*WORK REQUEST*. Exactly retype the opening line of the entries and every line after it, ending with the line that contains "色:黒のベスト,白のシャツ". Skip all pictures.

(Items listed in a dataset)
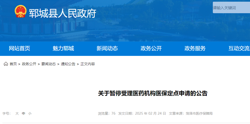 同一天,山东菏泽也发布了相关公告,“建议自2025年3月1日起,暂停全市医药机构(不含一体化管理的村卫生室)新增医保定点的受理工作;期间,已于2025年2月28日前在注册地正式运营已满3个月的医药机构提出医保定点申请的,按原规定受理”。
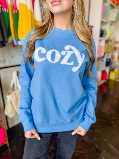 This Cozy Vibes Fuzzy Sweatshirt is THE sweatshirt for ALL winter long!! Picture cuddling up next to the fire with a good book in it !! We are in LOVE!!
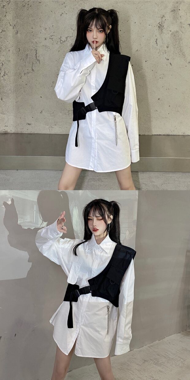色:黒のベスト,白のシャツ
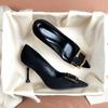 A metal buckle black velvet flat shoes women's summer soft sole new versatile pointed suede
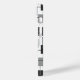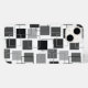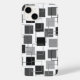 Essa capa de telefone tem um design geométrico de quadrados em preto e tons de cinza espalhados por seus contornos.
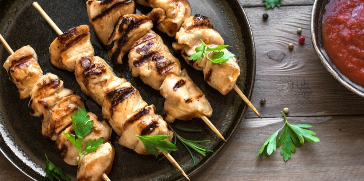 - Po marinování napíchejte kousky masa na špejle. Předehřejte gril nebo grilovací pánev na střední teplotu a maso opékejte ze všech stran dozlatova, což zabere přibližně 10 minut.

*ANSWER TO THIS TASK*.
 同一天,山东菏泽也发布了相关公告,“建议自2025年3月1日起,暂停全市医药机构(不含一体化管理的村卫生室)新增医保定点的受理工作;期间,已于2025年2月28日前在注册地正式运营已满3个月的医药机构提出医保定点申请的,按原规定受理”。
 This Cozy Vibes Fuzzy Sweatshirt is THE sweatshirt for ALL winter long!! Picture cuddling up next to the fire with a good book in it !! We are in LOVE!!
色:黒のベスト,白のシャツ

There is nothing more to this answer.